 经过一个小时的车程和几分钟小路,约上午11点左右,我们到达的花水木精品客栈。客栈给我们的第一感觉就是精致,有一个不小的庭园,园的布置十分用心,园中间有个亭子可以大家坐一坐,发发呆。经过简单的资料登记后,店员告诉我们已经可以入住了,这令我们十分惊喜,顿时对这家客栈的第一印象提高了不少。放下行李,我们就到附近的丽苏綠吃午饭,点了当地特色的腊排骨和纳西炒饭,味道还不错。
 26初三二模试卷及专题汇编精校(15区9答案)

__________________________________________________

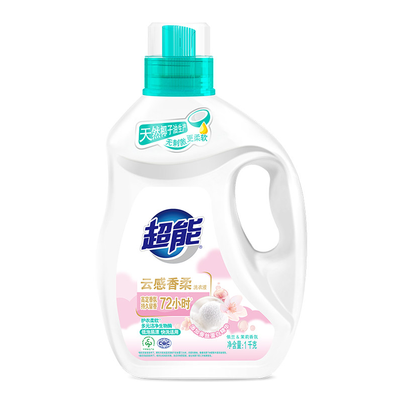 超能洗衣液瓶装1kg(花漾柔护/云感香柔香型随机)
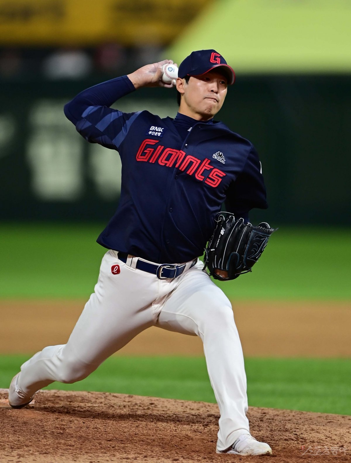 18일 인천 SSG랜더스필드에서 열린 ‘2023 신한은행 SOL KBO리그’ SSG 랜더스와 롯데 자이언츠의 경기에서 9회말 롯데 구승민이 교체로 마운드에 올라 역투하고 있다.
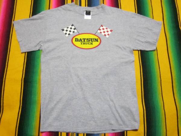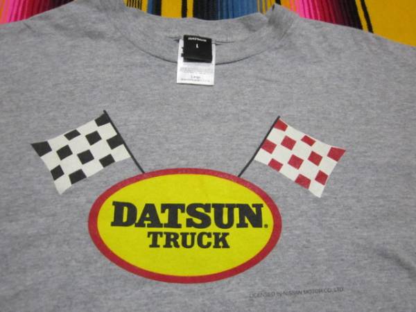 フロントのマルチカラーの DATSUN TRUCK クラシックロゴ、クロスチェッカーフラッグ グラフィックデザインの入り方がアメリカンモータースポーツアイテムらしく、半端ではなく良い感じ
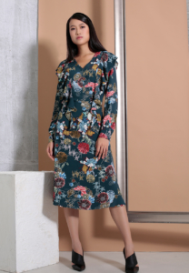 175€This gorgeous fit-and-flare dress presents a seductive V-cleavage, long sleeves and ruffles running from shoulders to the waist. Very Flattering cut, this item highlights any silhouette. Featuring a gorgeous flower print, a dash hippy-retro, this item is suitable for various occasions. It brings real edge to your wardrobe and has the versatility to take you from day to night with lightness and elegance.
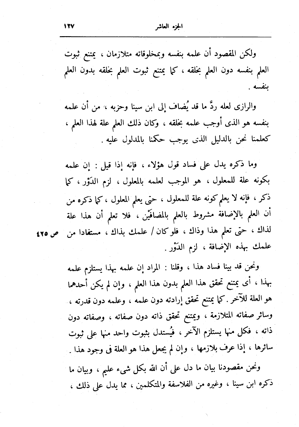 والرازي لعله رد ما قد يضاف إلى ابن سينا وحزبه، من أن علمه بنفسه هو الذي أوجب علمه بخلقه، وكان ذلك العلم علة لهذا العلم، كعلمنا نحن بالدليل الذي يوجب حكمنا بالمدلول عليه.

__________________________________________________

Action item.
Set the pictures aside and transcribe exactly the stretch of lines above, beginning with the one holding "超能洗衣液瓶装1kg(花漾柔护/云感香柔香型随机)" and ending with the one holding "والرازي لعله رد".

Answer to the exercise.
 超能洗衣液瓶装1kg(花漾柔护/云感香柔香型随机)
 18일 인천 SSG랜더스필드에서 열린 ‘2023 신한은행 SOL KBO리그’ SSG 랜더스와 롯데 자이언츠의 경기에서 9회말 롯데 구승민이 교체로 마운드에 올라 역투하고 있다.
 フロントのマルチカラーの DATSUN TRUCK クラシックロゴ、クロスチェッカーフラッグ グラフィックデザインの入り方がアメリカンモータースポーツアイテムらしく、半端ではなく良い感じ
 175€This gorgeous fit-and-flare dress presents a seductive V-cleavage, long sleeves and ruffles running from shoulders to the waist. Very Flattering cut, this item highlights any silhouette. Featuring a gorgeous flower print, a dash hippy-retro, this item is suitable for various occasions. It brings real edge to your wardrobe and has the versatility to take you from day to night with lightness and elegance.
 والرازي لعله رد ما قد يضاف إلى ابن سينا وحزبه، من أن علمه بنفسه هو الذي أوجب علمه بخلقه، وكان ذلك العلم علة لهذا العلم، كعلمنا نحن بالدليل الذي يوجب حكمنا بالمدلول عليه.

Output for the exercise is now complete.